> **Task to carry out**:
Only the lines of the listing below that run from the line with "gelaufen 1896, Stecknadellöcher" through the line with "-Aakre metskond 55" are to be set down, word for word. Pictures stay out.

> **Given information**:
———
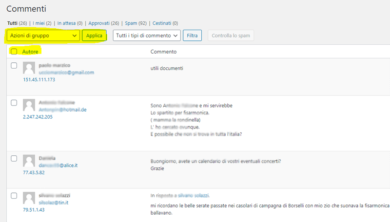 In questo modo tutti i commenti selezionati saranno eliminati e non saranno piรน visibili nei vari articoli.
———
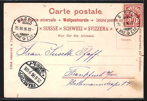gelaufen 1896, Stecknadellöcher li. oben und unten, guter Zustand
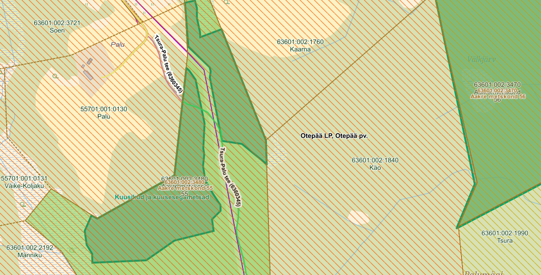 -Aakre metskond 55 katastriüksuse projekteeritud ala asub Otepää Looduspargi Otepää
———
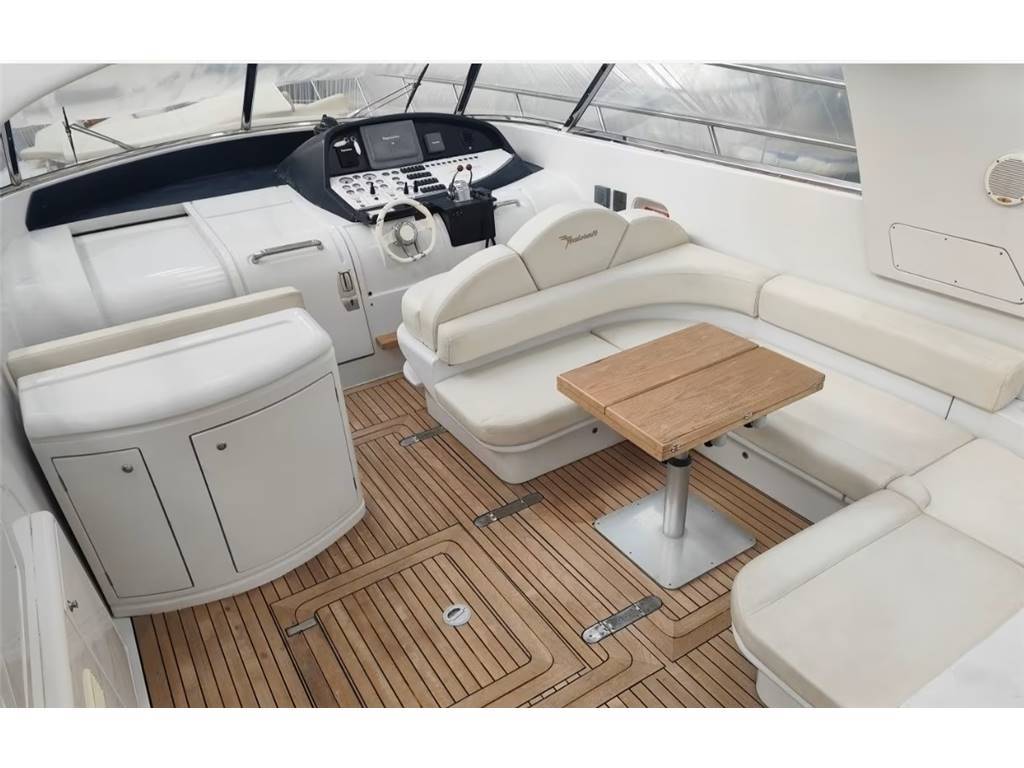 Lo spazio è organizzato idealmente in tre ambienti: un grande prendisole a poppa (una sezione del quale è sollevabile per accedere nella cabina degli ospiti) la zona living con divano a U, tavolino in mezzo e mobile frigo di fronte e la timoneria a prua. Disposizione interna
———
> **Exercise result**:
gelaufen 1896, Stecknadellöcher li. oben und unten, guter Zustand
 -Aakre metskond 55 katastriüksuse projekteeritud ala asub Otepää Looduspargi Otepää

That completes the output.